The Language of Flowers

Language_of_Flowers

This was a reading group book. It’s a fairly absorbing tale of a girl who is finding her own way in life after 18 years in foster care. It’s something of a page-turner, with alternate chapters providing flashbacks to the past which explain the present. The protagonist is unlikeable but how she comes to be the way she is is explained as the book unfolds. The plot is slightly unrealistic – Victoria always seems to land on her feet – but the part about her (SPOILER) motherhood more than makes up for it. I wasn’t very taken with the language of flowers itself either, which is annoyingly unscientific.

Overall this book is ok; thought-provoking and easy to read.

Family Life

Family_Life

This has quite a dark storyline but I did enjoy it. It is so evocative of Indians, from India, as opposed to British Indians. I asked Mum and Dad to read it because I imagine Dad’s life must have been a lot like that described in the book; the protagonist is a young boy who emigrates from India to the USA in the late 70’s. I would recommend this.

The Girl in the Red Coat

Girl_in_the_red_coat

This was recommended to me by members of the book group.

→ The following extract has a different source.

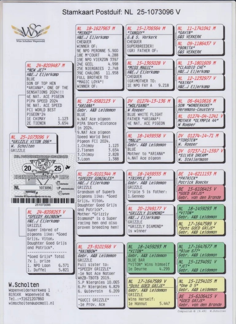 Grootvader NL23-9101344. “Speedy Gonzales”. H. & E.J. Eijerkamp.
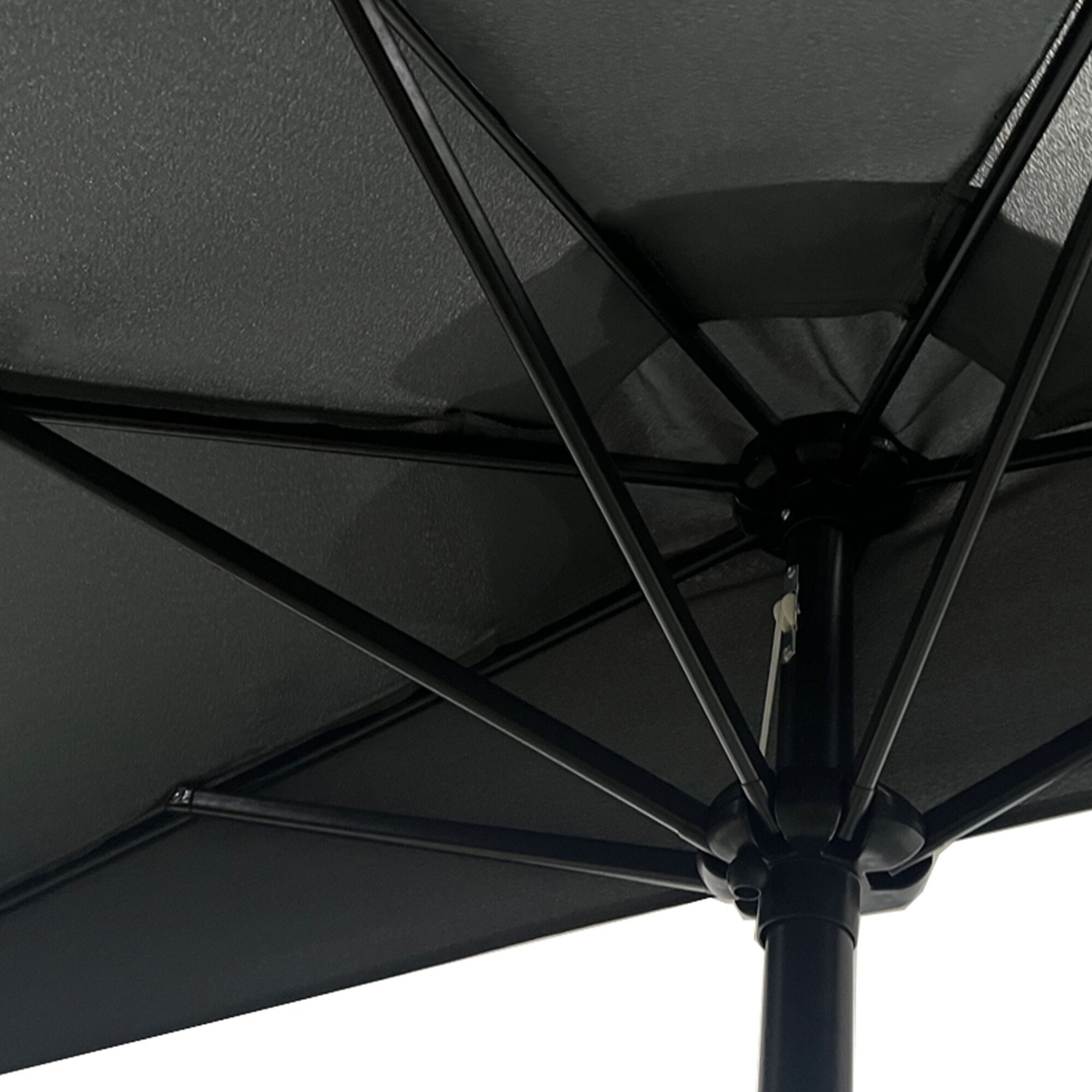 Polkrožni vrtni senčnik s trdno konstrukcijo in kakovostno prevleko, izdelano iz trpežnega poliestrskega materiala.

Not an ‘official’ read but an optional one as the author came to the library to do a talk.

It seemed like nothing happened for the first 100 pages but afterwards I became sucked into the plot, despite my disbelief that a child of 8 would know anything about people’s ‘energies’. Actually the whole spiritualism aspect annoyed me. The chapters written from the young girl’s point of view were very convincing though. The Gramps and Pastor characters were thoroughly menacing. The end felt rushed; it was a happy ending and I would have expected the author to make more of that. Anyway. Not sure I’d recommend this to anyone as there are better thrillers out there (e.g. The Girl on the Train) but it was a page-turner with some interesting ideas in it.

The Emergence of Judy Taylor

Emergence_of_Judy_Taylor

This was a reading group choice. A rather mixed bag of a book. All the characters apart from the protagonist are quite sketchily portrayed, to the point where I kept mixing people up or forgetting who they were. The thought that kept recurring to me throughout the book as Judy went through one bad experience after another was, why doesn’t she give her husband (more of) a chance? On the plus side there are many very astute observations about life as a woman in her mid-thirties that jumped out of the book and spoke to me. Also to the book’s credit is that fact that the front cover gives the impression that it is chick lit, but the book is far from light, bubbly reading.

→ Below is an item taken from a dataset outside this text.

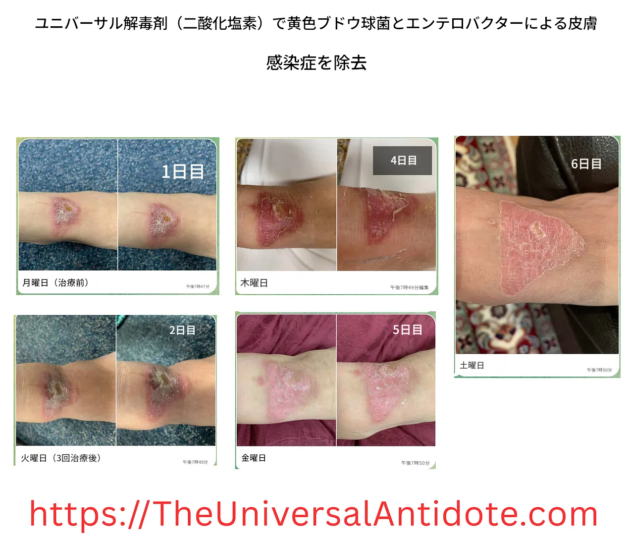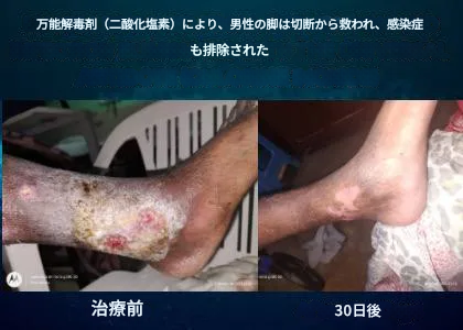 二酸化塩素は強力な酸化作用により、微生物の細胞壁・膜を破壊し、タンパク質を変性させ、核酸を不活化することで、細菌、ウイルス、真菌に対する広域の抗菌作用を発揮する。この章では、抗生物質耐性の腕の感染、切断目前の重度の下肢感染、黄色ブドウ球菌感染、犬咬傷後の感染、原因不明の細菌・真菌感染、糖尿病性壊疽を伴う火傷感染など、様々な重度の感染症が、二酸化塩素の外用(および時に内服併用)により劇的に改善したとする複数のビジュアル証言が紹介される。多くの症例で、従来の医療(抗生物質の静脈内投与など)が失敗した後に、このプロトコルが奏功したと報告されている。

Overall, I probably wouldn’t recommend this; life is too short to spend reading books that are just ok.

The Miniaturist

Miniaturist

My reading group leader Kay said that she would be interested to know what I thought about this book.

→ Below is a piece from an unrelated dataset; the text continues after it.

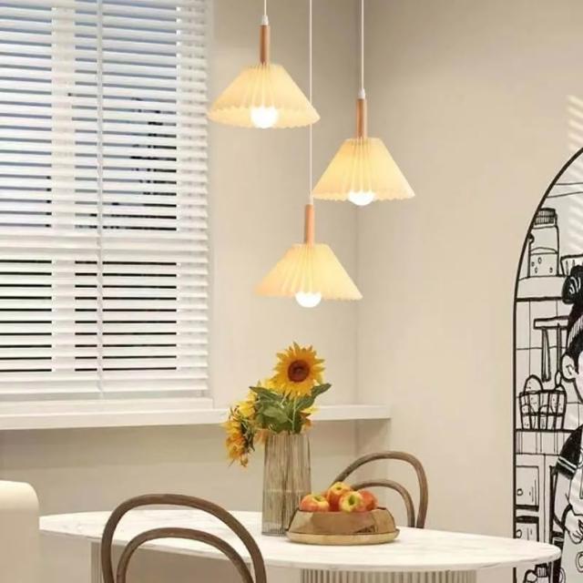 吊燈原木風餐廳吊燈百褶布藝燈具民宿極簡吊燈

Nothing happens for thr first 152 pages so I almost gave up ir. However, the language is alluring and the mysteries kept me hooked. SPOILERS: I guessed right from the start that Johannnes’ husband was gay. I was disappointed that the mystery of the miniaturist was not resolved in the end.

I would recommend this book if you are interested in that period of history because it is very evocative, but not really otherwise.

The Girl on the Train

girl-on-the-train

This one is a real page-turner, on a par with Before I Go to Sleep in that it plays with your perceptions. Better than Gone Girl, which it has been compared to. I’d definitely recommend this one.